> Records shown

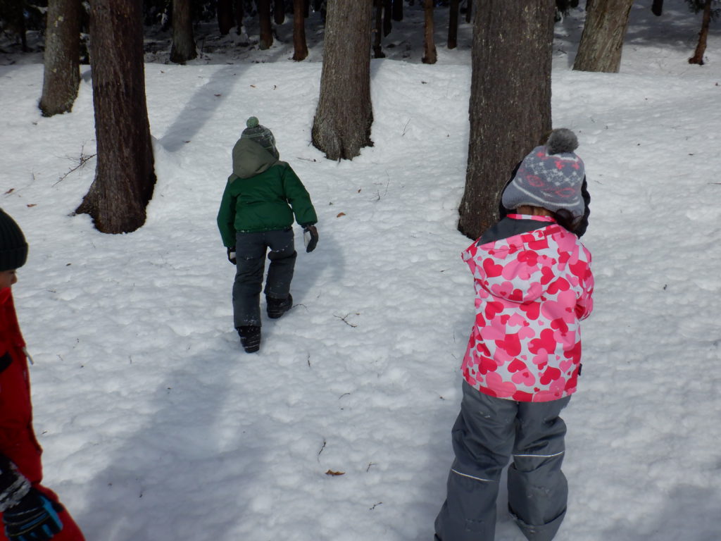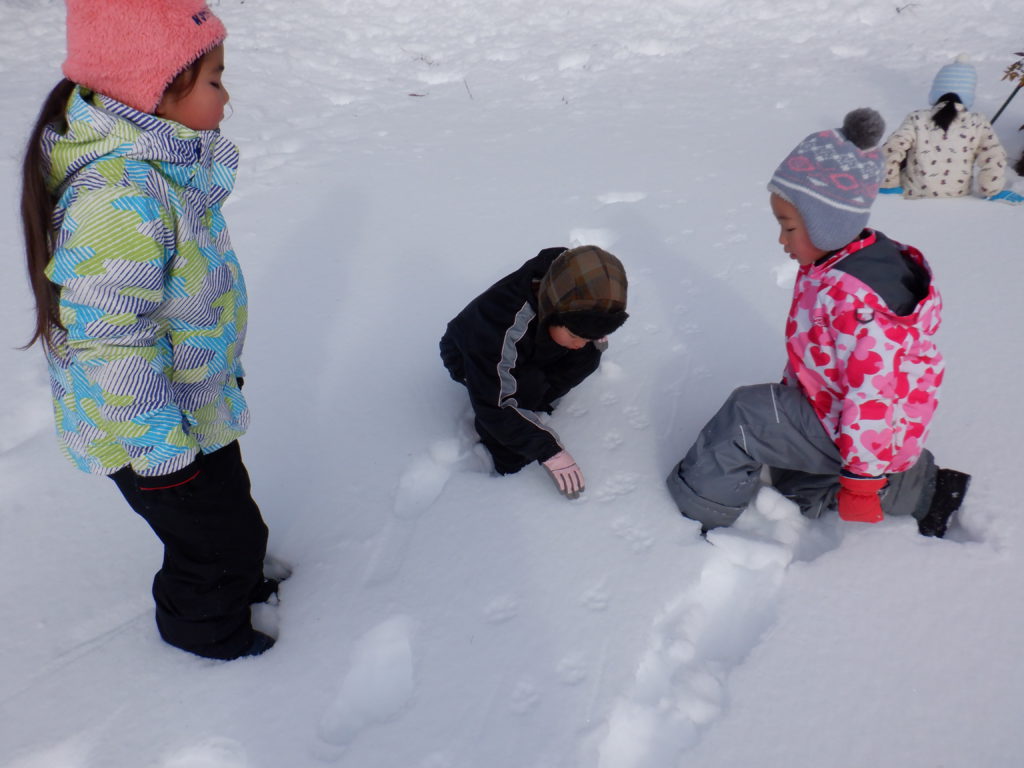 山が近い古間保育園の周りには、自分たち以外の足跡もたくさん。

--

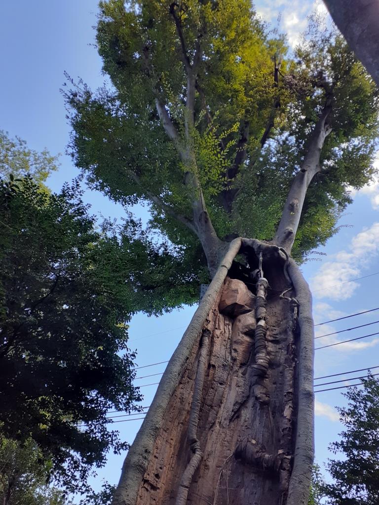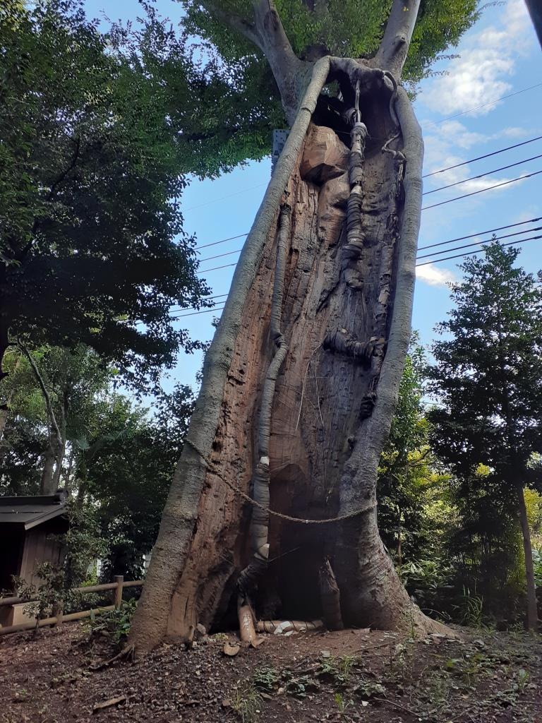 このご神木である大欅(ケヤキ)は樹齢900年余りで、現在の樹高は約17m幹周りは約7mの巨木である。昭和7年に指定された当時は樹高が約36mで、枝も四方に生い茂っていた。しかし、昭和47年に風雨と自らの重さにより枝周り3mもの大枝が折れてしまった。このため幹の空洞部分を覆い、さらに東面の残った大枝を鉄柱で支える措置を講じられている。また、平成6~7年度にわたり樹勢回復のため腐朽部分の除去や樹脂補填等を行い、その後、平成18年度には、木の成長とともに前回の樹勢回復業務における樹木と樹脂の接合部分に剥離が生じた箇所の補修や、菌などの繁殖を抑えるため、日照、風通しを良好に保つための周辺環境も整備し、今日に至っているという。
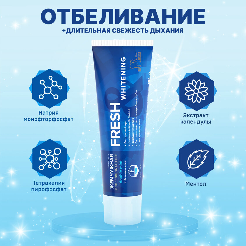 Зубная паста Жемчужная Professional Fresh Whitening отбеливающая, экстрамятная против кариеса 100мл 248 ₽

* * *

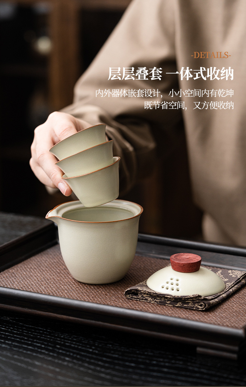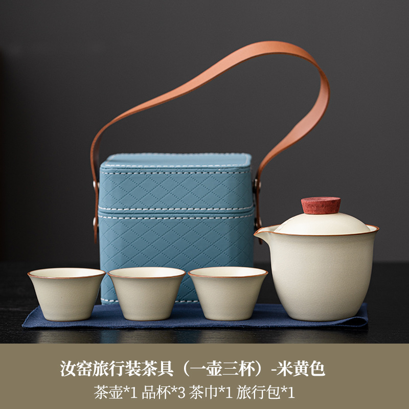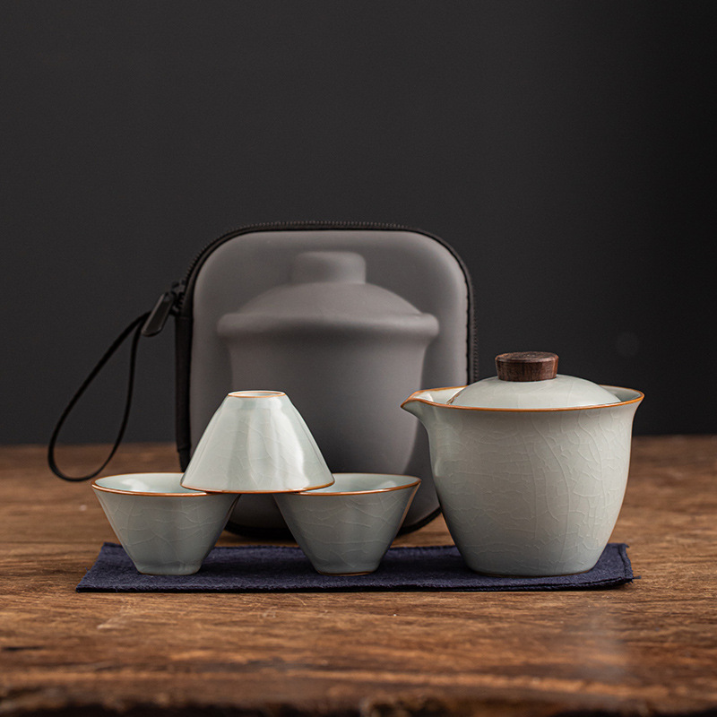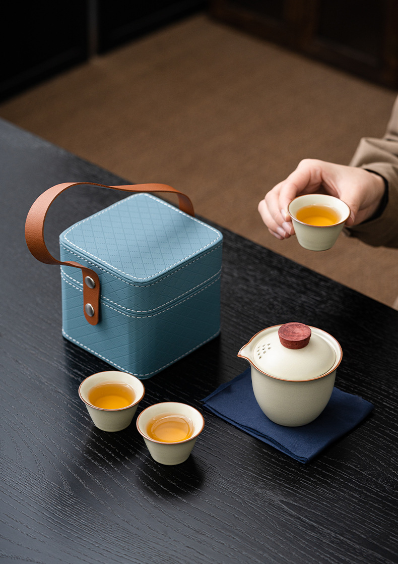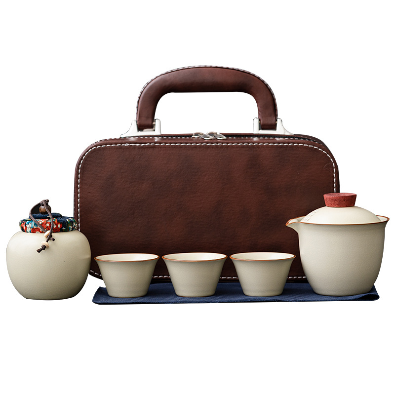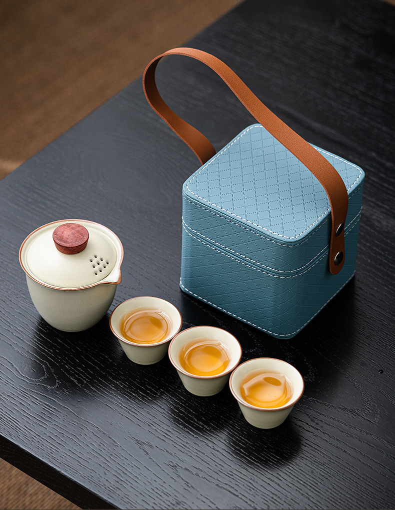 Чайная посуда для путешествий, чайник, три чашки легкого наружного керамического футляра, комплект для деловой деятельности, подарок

> Work request
Reproduce the listing above only between the lines holding "このご神木である大欅(ケヤキ" and "Зубная паста Жемчужная", inclusive. Every line must match exactly, and pictures are dropped.

> Result of the task
 このご神木である大欅(ケヤキ)は樹齢900年余りで、現在の樹高は約17m幹周りは約7mの巨木である。昭和7年に指定された当時は樹高が約36mで、枝も四方に生い茂っていた。しかし、昭和47年に風雨と自らの重さにより枝周り3mもの大枝が折れてしまった。このため幹の空洞部分を覆い、さらに東面の残った大枝を鉄柱で支える措置を講じられている。また、平成6~7年度にわたり樹勢回復のため腐朽部分の除去や樹脂補填等を行い、その後、平成18年度には、木の成長とともに前回の樹勢回復業務における樹木と樹脂の接合部分に剥離が生じた箇所の補修や、菌などの繁殖を抑えるため、日照、風通しを良好に保つための周辺環境も整備し、今日に至っているという。
 Зубная паста Жемчужная Professional Fresh Whitening отбеливающая, экстрамятная против кариеса 100мл 248 ₽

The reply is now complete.